◆ EXERCISE GOAL ◆
Copy exactly the lines of the material below that fall between the line with "2) И.Н. Крамской" and the line with "沒有任何言語,兩分多鐘的短片", both of those lines included; pictures stay out.

◆ RECORDS TO PROCESS ◆
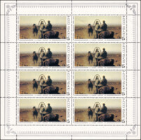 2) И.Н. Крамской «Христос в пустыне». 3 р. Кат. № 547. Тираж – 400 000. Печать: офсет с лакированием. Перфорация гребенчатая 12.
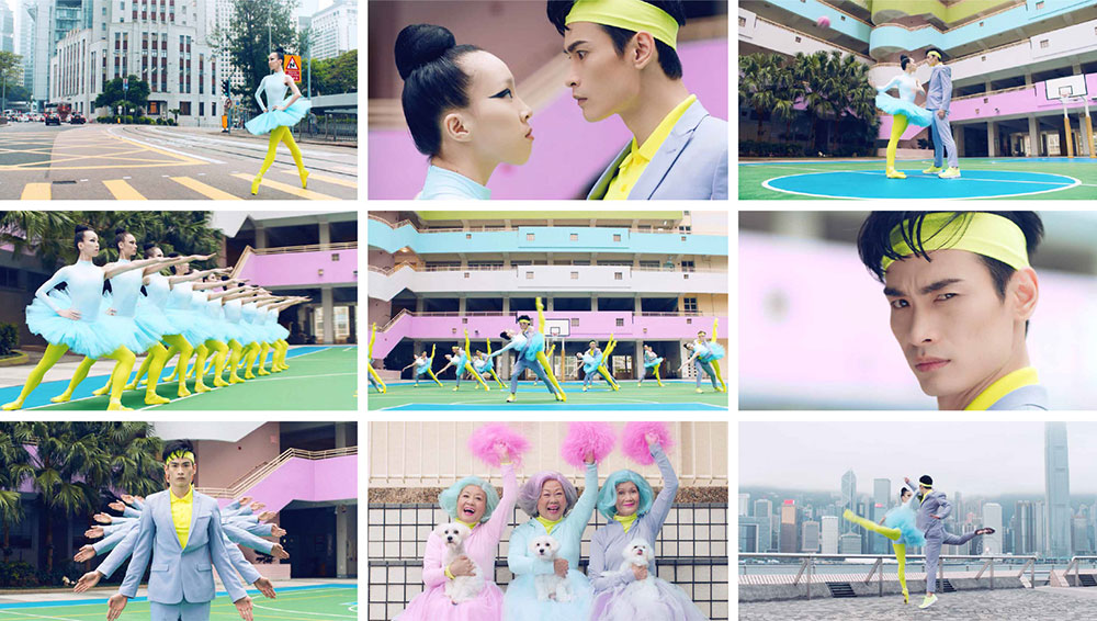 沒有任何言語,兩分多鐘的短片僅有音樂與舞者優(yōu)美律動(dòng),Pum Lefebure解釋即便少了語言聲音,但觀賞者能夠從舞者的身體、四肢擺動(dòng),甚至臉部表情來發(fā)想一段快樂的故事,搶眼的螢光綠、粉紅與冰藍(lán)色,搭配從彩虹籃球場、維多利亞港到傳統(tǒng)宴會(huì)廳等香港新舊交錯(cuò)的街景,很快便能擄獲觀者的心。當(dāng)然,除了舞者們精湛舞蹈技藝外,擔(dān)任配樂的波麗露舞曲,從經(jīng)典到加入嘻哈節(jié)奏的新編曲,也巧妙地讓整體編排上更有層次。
--
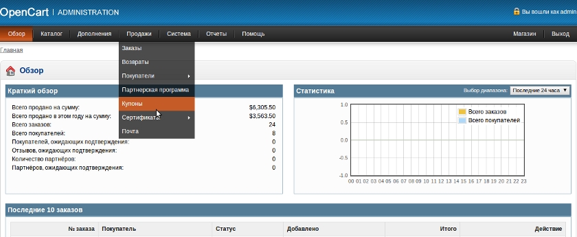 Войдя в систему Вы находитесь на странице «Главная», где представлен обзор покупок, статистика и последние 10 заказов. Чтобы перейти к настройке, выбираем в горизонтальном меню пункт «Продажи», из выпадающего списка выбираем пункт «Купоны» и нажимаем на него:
---
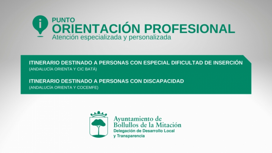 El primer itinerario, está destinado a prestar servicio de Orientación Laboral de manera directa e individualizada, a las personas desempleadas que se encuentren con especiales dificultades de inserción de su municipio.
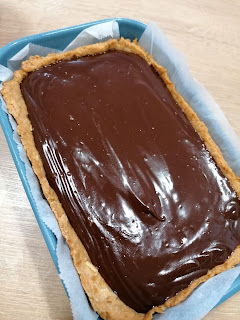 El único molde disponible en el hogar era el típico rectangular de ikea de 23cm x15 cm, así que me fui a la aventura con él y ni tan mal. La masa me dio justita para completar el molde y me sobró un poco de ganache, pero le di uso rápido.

◆ SOLUTION FOR THIS TASK ◆
 2) И.Н. Крамской «Христос в пустыне». 3 р. Кат. № 547. Тираж – 400 000. Печать: офсет с лакированием. Перфорация гребенчатая 12.
 沒有任何言語,兩分多鐘的短片僅有音樂與舞者優(yōu)美律動(dòng),Pum Lefebure解釋即便少了語言聲音,但觀賞者能夠從舞者的身體、四肢擺動(dòng),甚至臉部表情來發(fā)想一段快樂的故事,搶眼的螢光綠、粉紅與冰藍(lán)色,搭配從彩虹籃球場、維多利亞港到傳統(tǒng)宴會(huì)廳等香港新舊交錯(cuò)的街景,很快便能擄獲觀者的心。當(dāng)然,除了舞者們精湛舞蹈技藝外,擔(dān)任配樂的波麗露舞曲,從經(jīng)典到加入嘻哈節(jié)奏的新編曲,也巧妙地讓整體編排上更有層次。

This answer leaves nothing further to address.